What you will do
Everything in the listing below must be reproduced exactly, apart from its images.

The data

::::::::::

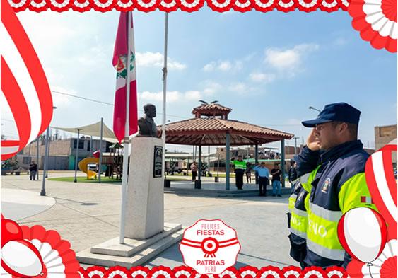 Con motivo del 34 aniversario del asentamiento humano Miguel Grau, se realizó la ceremonia de izamiento de la bandera en la plaza de este sector, donde asistió el alcalde del distrito de Pueblo Nuevo, Ing. William Sánchez Cahuana, acompañado de los regidores Ángel Vega Valentín, Jeampiere Aburto Saravia, Julia Portilla Vera, Hebert Quiroz Almeyda y Alcides de la Cruz Luyo, también, la Policía Nacional, la presidenta de este sector, señora Paula Atoche.
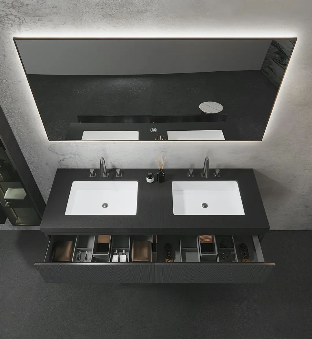 城市新贵开始用暗调、酷感与柔光来修辞生活。而这款宽邸,则是榫卯浴室柜中的特立独行者。极简是他的辨识度,一酷到底更是他的存在哲学。
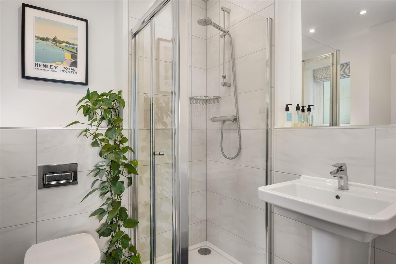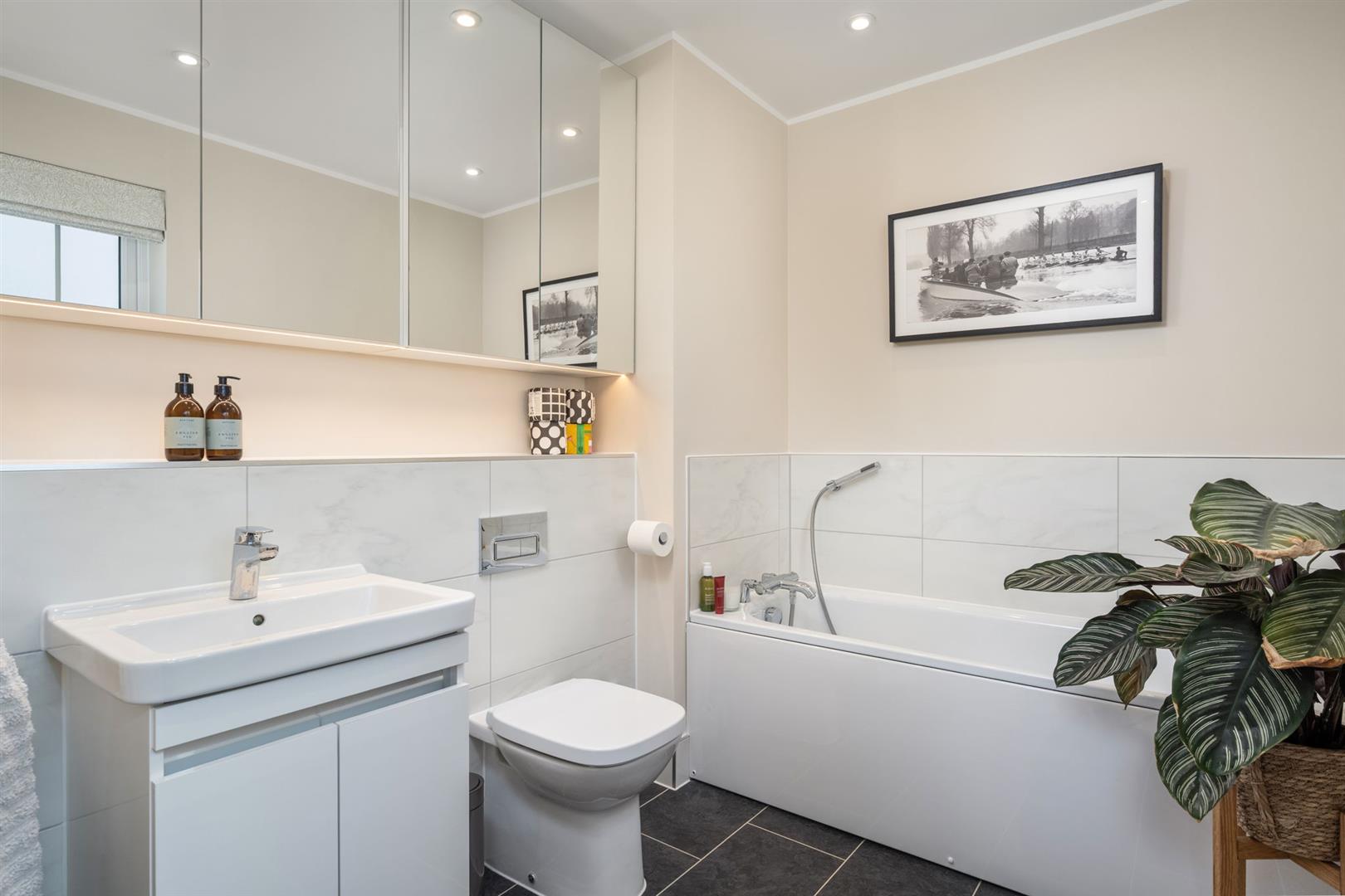 The family bathroom has a window to the front, a heated towel rail, a broad wall mirror over the bath, which has a shower attachment; a wash hand basin sits in a useful storage cabinet, with a w.c., and a tiled walk-in shower.
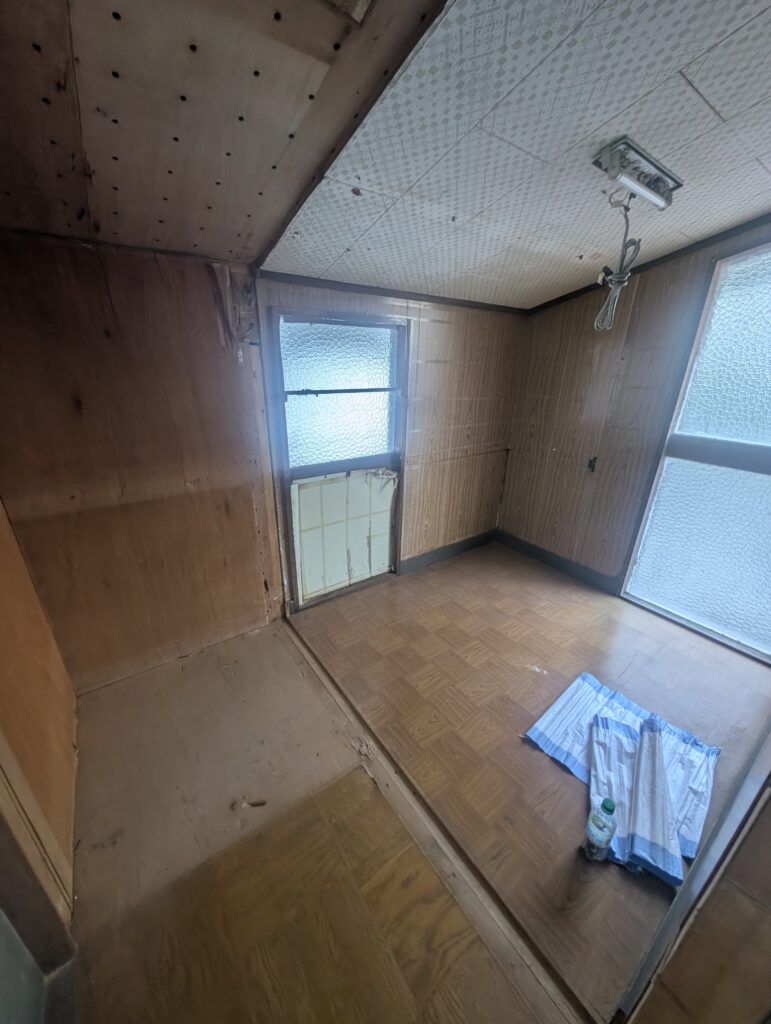 入居者さんが頑張って直してる平田。僕は色々動いててまだまだ出番は先かと思いきや、そろそろ内部解体お願いしますと。

::::::::::

Answer section
 Con motivo del 34 aniversario del asentamiento humano Miguel Grau, se realizó la ceremonia de izamiento de la bandera en la plaza de este sector, donde asistió el alcalde del distrito de Pueblo Nuevo, Ing. William Sánchez Cahuana, acompañado de los regidores Ángel Vega Valentín, Jeampiere Aburto Saravia, Julia Portilla Vera, Hebert Quiroz Almeyda y Alcides de la Cruz Luyo, también, la Policía Nacional, la presidenta de este sector, señora Paula Atoche.
 城市新贵开始用暗调、酷感与柔光来修辞生活。而这款宽邸,则是榫卯浴室柜中的特立独行者。极简是他的辨识度,一酷到底更是他的存在哲学。
 The family bathroom has a window to the front, a heated towel rail, a broad wall mirror over the bath, which has a shower attachment; a wash hand basin sits in a useful storage cabinet, with a w.c., and a tiled walk-in shower.
 入居者さんが頑張って直してる平田。僕は色々動いててまだまだ出番は先かと思いきや、そろそろ内部解体お願いしますと。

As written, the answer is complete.